If stolen, contact the University Police at 412-624-2121.
Consult with your departmental IT within Pitt Digital to discuss remote wiping capabilities.
Change passwords for any accounts accessible from the device.
Contact University Public Safety or local law enforcement if the device was stolen.
Submit a Help Desk ticket immediately.

🛡 Other Security Concerns — Network intrusion, unauthorized system access, or suspicious activity

What information to include in your report:

What you observed — describe the behavior or anomaly as specifically as possible
Date and time you first noticed the activity
Name, serial number, and IP address of affected system(s), if known
Physical location of the affected system(s)
Whether the situation may involve more than one computer or system
Whether any potentially sensitive information is stored on or accessible from the affected system(s)
Any log files, screenshots, or other evidence you can share

Protect Yourself Against Future Threats

Pitt Digital is monitoring a surge in targeted spear phishing attacks — sophisticated scams that incorporate personal details and often arrive from non-Pitt addresses such as Gmail. Your vigilance is crucial.

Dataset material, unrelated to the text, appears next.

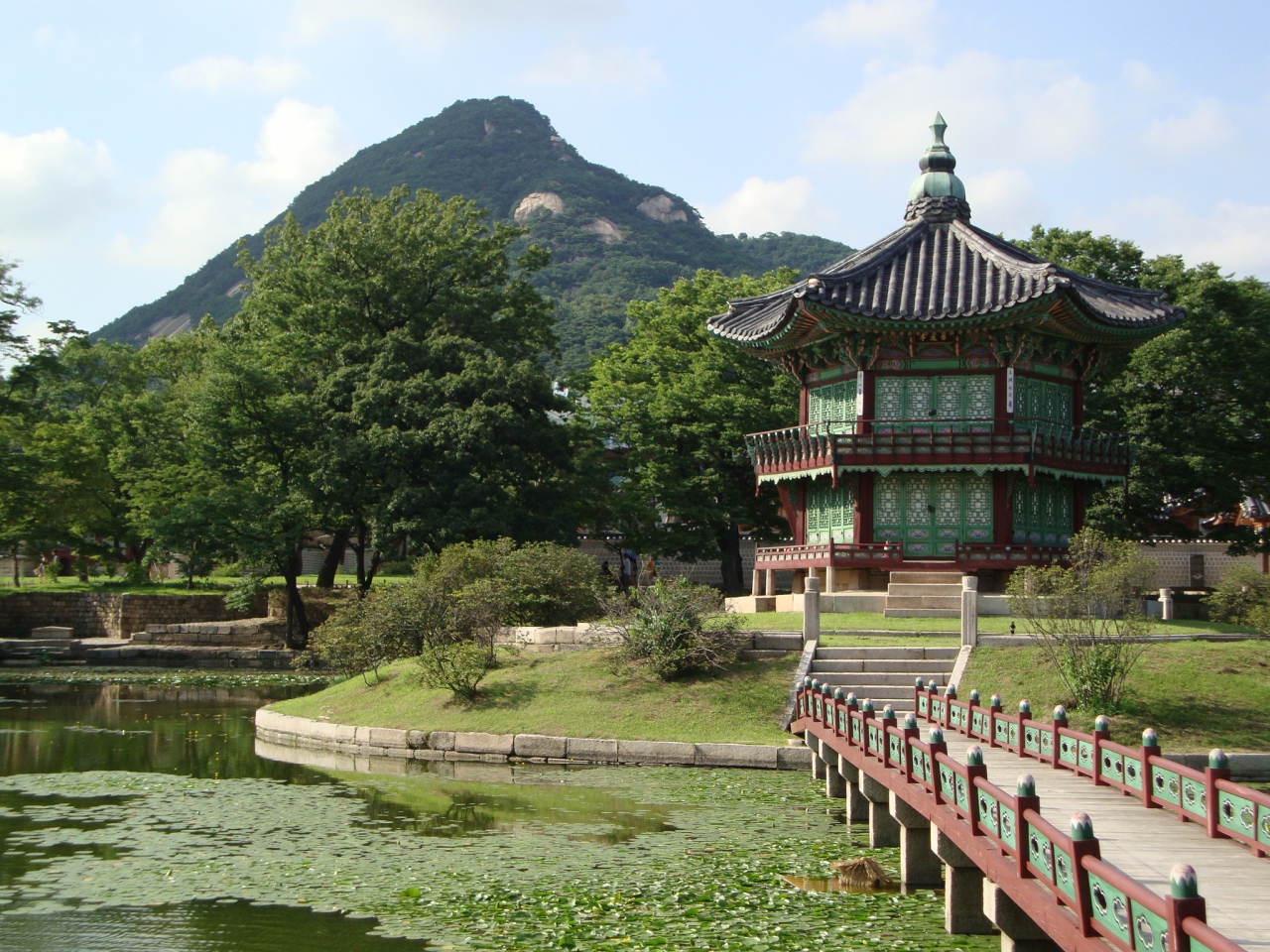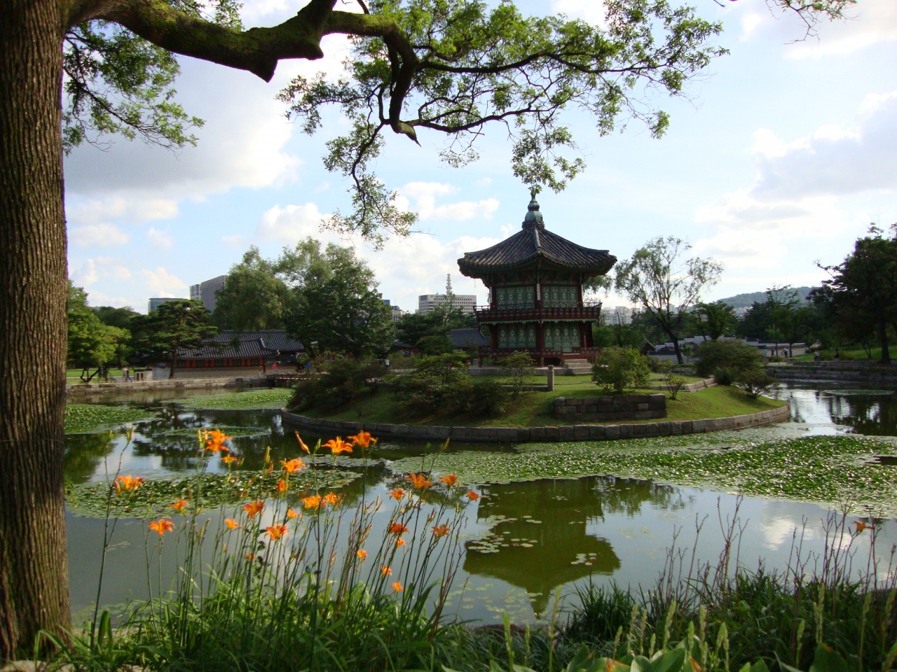 景福宮の北側(奥)にある香遠亭。第26代王・高宗が乾清宮を立てる際、南側に池を掘りその中央に建てた八角形の東屋。「蓮の花の香りが遠くまで届く」がこの名前の由来。蓮の花の時期ではなかったけれど、湖畔にキスゲの花が咲き緑に囲まれた静かな場所で、景福宮を代表する美しい場所の一つだと思いました。湖畔にベンチが設けられのんびりできます。

1. Only approve Duo requests you initiated An unexpected Duo push means someone else has your password. Decline it immediately and change your Pitt Passport password.	2. Use unique passwords and enable MFA everywhere Create a unique password for Pitt Passport and a different password for every other account. Enable MFA on all accounts that offer it.
3. Spot and report phishing scams Watch for typos, urgency, requests for sensitive data, or asks to reply using personal email. Use the Report button in Outlook or the KnowBe4 PAB.	4. Keep your software updated Enable auto-updates for browsers, apps, and your OS. University-managed Macs receive updates automatically. Windows users should activate Windows Update.
5. Complete annual security training Search for “security training” on myPitt to complete or review training powered by KnowBe4.	6. Only download apps from trusted sources Install apps only from official app stores. For University business, ensure any new application has undergone a vendor security risk assessment.